観音岳   山梨県 2840m          百名山
 


2019年11月1日(金)

 毎年の恒例行事にしている鳳凰三山巡りの季節がやってきた。青木鉱泉を起点にドンドコ沢を登り、三山を縦走して中道を下山するのがお決まりの順路。しかし、これだと薬師岳から下山した後、青木鉱泉まで疲れた足を引きずり退屈な林道歩きを強いられるのが難点。そこで今回は周回のスタート地点を中道の登山口に変えてみることにした。青木鉱泉まで歩くことには変わりないが、朝一フルチャージの足であれば少しは新鮮味があるだろう。

 暗闇の中、狭くダート区間もある小武川林道の走行にはいつも神経を使う。青木鉱泉からはデコボコが際立ち、一層の悪路となる。速度を抑え慎重運転に徹し、何とか無事に薬師岳登山口に着いた。

 5時25分、ヘッドランプをオンして車を後にする。念のために下山地点を確認しようと暗闇の中道標を探すと、張り紙がしてあった。読んでみると、あろうことか「台風19号によりドンドコ沢は土砂崩れで通行不可」とのこと。この張り紙を見過ごしていたら、危うく青木鉱泉まで下ってしまうところだった。青木鉱泉ルートが使えないのであれば、選択肢は一つ。中道から観音岳をピストンするしかない。

 中道は薬師岳まで標高差1500mの殆どが急登という、南アルプスの典型とも言える過酷な登山道。ドンドコ沢のような名勝の滝巡りがある訳でもなく、展望も無い樹林帯が延々と続く地味で辛いコースだ。


癒しの笹原


 急な坂道を私の経済速度、心拍数130前後を維持しながら登って行く。6時を回り300mほど高度を上げたところでヘッドランプを消灯。標高1700m辺りまで来ると急登は一段落。等高線も緩み、このコース唯一緩やかな笹原だ。

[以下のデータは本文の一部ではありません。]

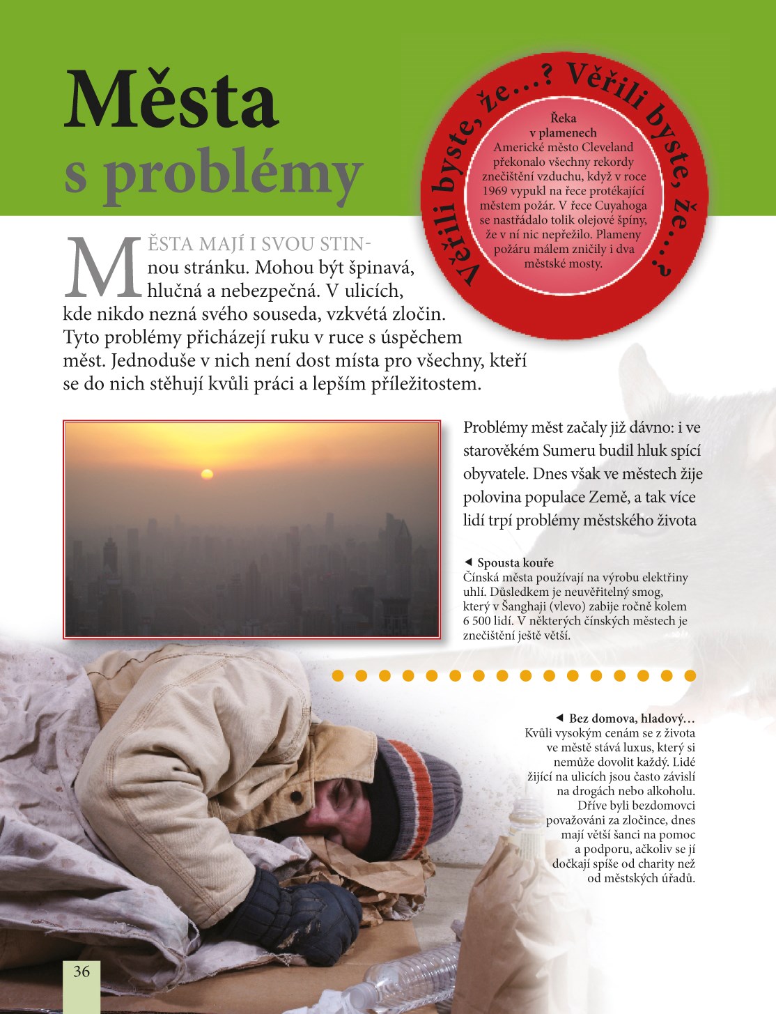 Města jsou krásným místem pro život, práci i zábavu. Mají však i své stinné stránky: mohou být přelidněná, hlučná, znečištěná a nebezpečná. Mnoho měst a velkoměst se vejde do obou

こうした癒しの笹原地帯を過ぎると、その先から愈々核心区間、苔むした岩と根っこの急登がこれでもかと続く。



御座石 雨をしのぐこともできそう



薬師岳山頂目前


 御座石で給水と行動食を摂っただけで、休みなく黙々と歩き続け、9時25分、薬師岳の頂に到着。これまでの労苦が報われる大パノラマの御開帳だ。雪化粧した富士山や北岳を初め、南アルプス北部の名峰が圧巻の迫力で出迎えてくれた。


この景色がお出迎え


 山頂は流石に風当りが強い。薄手の手袋だけでは寒さに慣れない手がかじかんでしまいそうだ。ウインドブレーカーを着こみ上半身をガードして稜線漫歩開始。青空の下に広がるパノラミック・ビューを満喫しながら観音岳へと向かう。


観音岳へ向かう稜線


 鳳凰三山の最高峰、観音岳へは鞍部から100mほどの登り。のんびり歩いても30分もかからない。10時ちょうどに観音岳に到着。岩場の狭い山頂を歩き回り、360度の大展望をカメラのメモリーと網膜に刻み込んだ。これで思い残すことはない。後は下山するだけだ。


観音岳山頂から北岳と間ノ岳



富士山をバックに薬師岳



甲斐駒をバックに地蔵岳



八ヶ岳には雪が無い


 帰路、薬師岳の山頂から少し下った陽だまりでランチタイムとした以外は休むことなく中道を下った。12時50分、登山口に無事帰着。今日も良い汗がかくことができた。


紅葉は今一つ


 残念だったのはドンドコ沢。ここは毎年足を向けたくなるほど私のお気に入りコース。そこにも台風19号の爪痕が残されたと知ってショックだった。関係者のご尽力により一日も早い復旧がなされることを祈るばかり。